Are there any shops that are using Ink Locker's fulfillment network that would be willing to share their experience offline regarding volume of jobs available, consistency, etc.?

Thanks!


----------



## ThomasLincoln (Jan 5, 2018)

I've been using Inklocker - or trying to. Their quality is good; more like silkscreen than digital, rasterized reproduction. (Especially hairlines).

The problem is that their website seems to have all kinds of technical issues. I tried to place an order for three shirts yesterday, as well as the day before. Even though filling in all the data, including billing information, their robot has been giving me an irritating error message that suggests some Field isn't filled in. Even though it is.

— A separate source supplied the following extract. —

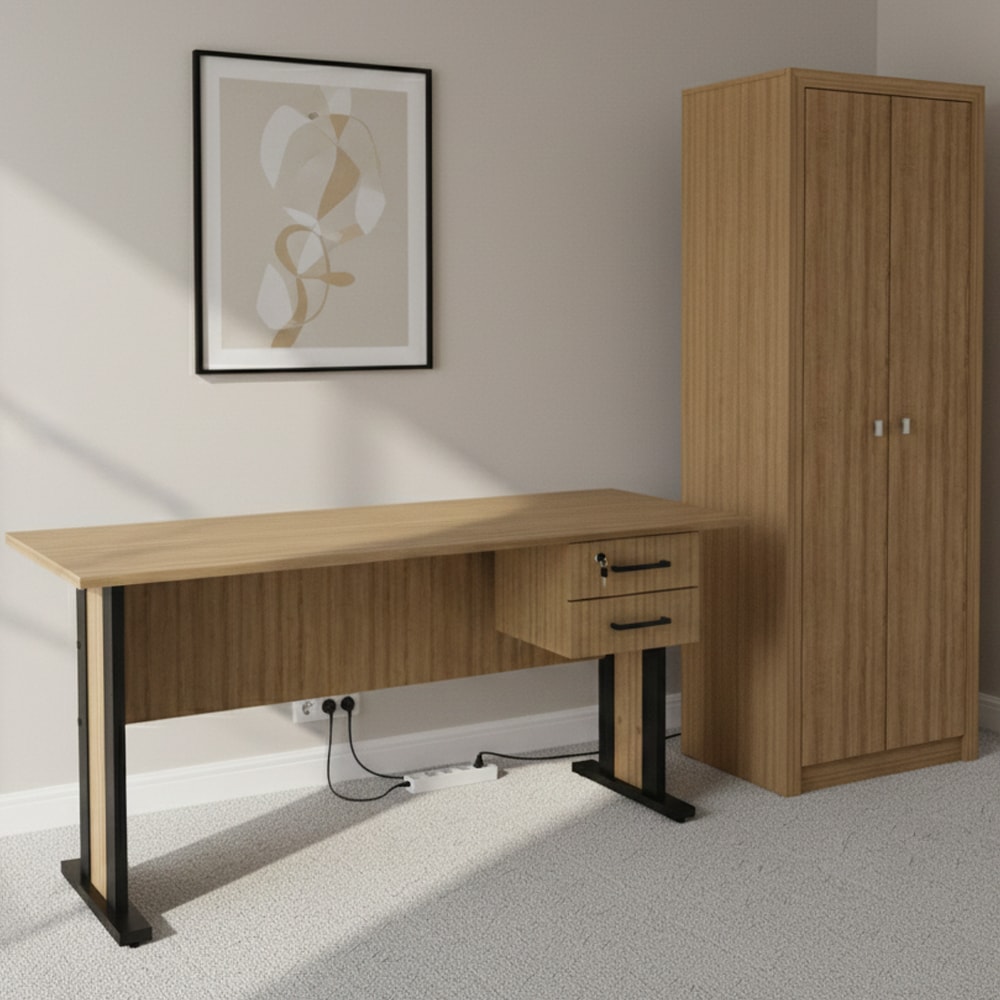 O conjunto ME4193XAM3113 traz estilo e funcionalidade deixando seu ambiente mais pratico e organizado, sendo fabricado com estrutura em madeira MDP de 15 mm, tampo em MDP de 25 mm e revestimento em material BP, com acabamento traseiro no mesmo padrão de cor e material, a Mesa para Escritório ME4193 conta com 02 gavetas que suportam até 3 kg cada, sendo uma delas com trava por chave, puxadores em metal e corrediças telescópicas, além de pés em madeira MDP de 25 mm com sapatas reguláveis, suportando até 21 kg, o Armário Multiuso conta com 02 portas, puxadores, dobradiças metálicas, sapatas, 03 prateleiras moveis e 05 prateleiras que suportam até 12 kg cada, além de amplo espaço interno que contribui para manter tudo organizado. NÃO ACOMPANHA CADEIRA NEM DEMAIS DECORAÇÕES. Este produto será entregue em 2 volumes.

Their customer service isn't too helpful. If you inquire about the cotton make-up of a shirt they just don't know. They say there are only 5 employees and that they are merely middle men.

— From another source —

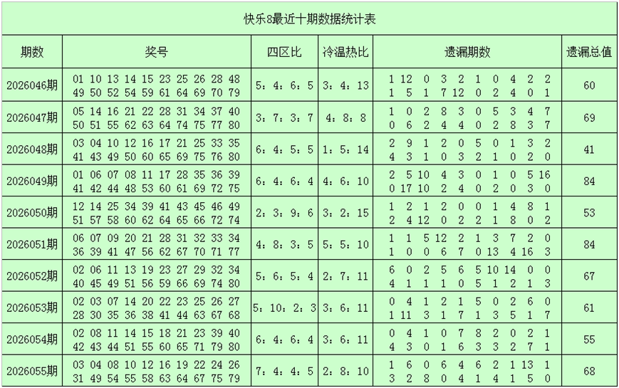 一、快乐8第2026056期奖号分析(定义:遗漏0-2期号码为热码,遗漏3-6期号码为温码,遗漏7期及7期以上号码为冷码,重码为上期开出奖号,邻码为上期没有出现,但与上期奖号差值为1的号码,例如上期开出奖号04,没有出现号码03和05,则本期03和05都为邻码,其它则为孤码。

What has your experience been

Thomas Lincoln


----------



## josevidal1970 (Nov 24, 2018)

moebraet said:


> Are there any shops that are using Ink Locker's fulfillment network that would be willing to share their experience offline regarding volume of jobs available, consistency, etc.?
> 
> Thanks!


Hello,
I used ink-locker the first week ordering 5 - 10 t-shirts eery 2 weeks.
After the 2 weeks, I noticed the inconsistencies in the prints. The detail were getting dull, color did not compare with color submitted. Top left for front print were submitted 5 inches wide and I received them less than 4 inches wide, plus, prints were not centered correctly. Back image was off to the left or right and then either too low or smaller than the 14" wide they say they use. Even on their website, the largest you'll be able to place is 13.7" wide, leaving .3" of waste space, it may not see much, but that .3" makes a difference.

Plus they bounce your orders to different home shops, those who have recently purchased a Ricoh DTG printer, so they practice with orders, and the customer is supposed just accept it. When I began to complain about the quality of work that they advertise, I began to get the cold shoulder, my emails weren't answered with the same time frame as before the discrepancies began. 

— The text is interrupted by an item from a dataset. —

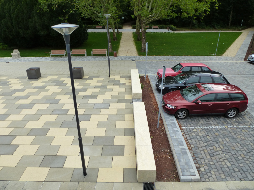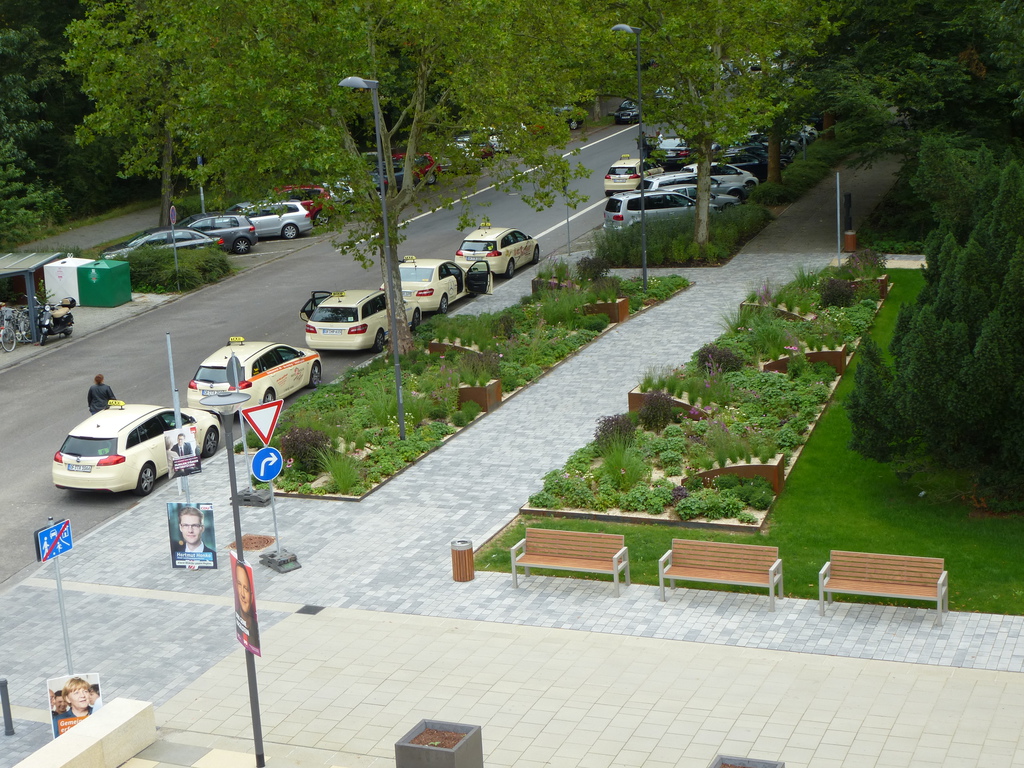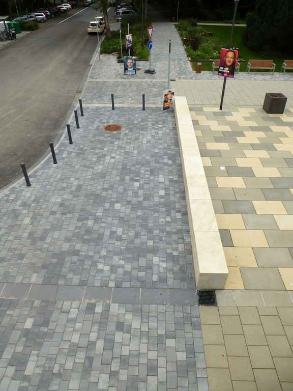 Im Rahmen des Förderprogramms “Soziale Stadt” wurden der asphaltierte Bahnhofsvorplatz mit seiner ungeordneten Zufahrt zum DB AutoZug und der desolaten Fahrbahn zum Busbahnhof zusammen mit dem verwilderten Park und den Waldwegen zum Stadtquartier West neu gestaltet. Der Platz vor dem Empfangsgebäude bleibt den Fußgängern und einer Außengastronomie vorbehalten. Staudenbeete mit zehn markanten und mit Gräsern bepflanzten Hochbeeten aus Cortenstahl flankieren den Zugangsweg. Ein Brunnen aus den 20er Jahren wurde denkmalgerecht instand gesetzt.

Yes, with inklocker you dont pay that set up fee other shops charge, but if you want good quality work, dont go with inklocker. if your a school in need of tees, then yes, usually those dont require more than 2 or 3 colors. If you need more than 6 colors like I do, then I suggest you get an experienced print shop. Inklocker served a purpose and due to the lack of Q&A and Q&C they have over home based print shops is not worth the 7.41 to 16.40 per tshirt and the addition of 4.00 for adding a back image. I was able to find a printer 2 blocks from me, they use a Brother DTG printer and the images are way crispier than the Ricoh DTG printer.


----------



## Hall123 (Jan 25, 2019)

I have used them try to find out more let me know if you have time to talk off the message board


----------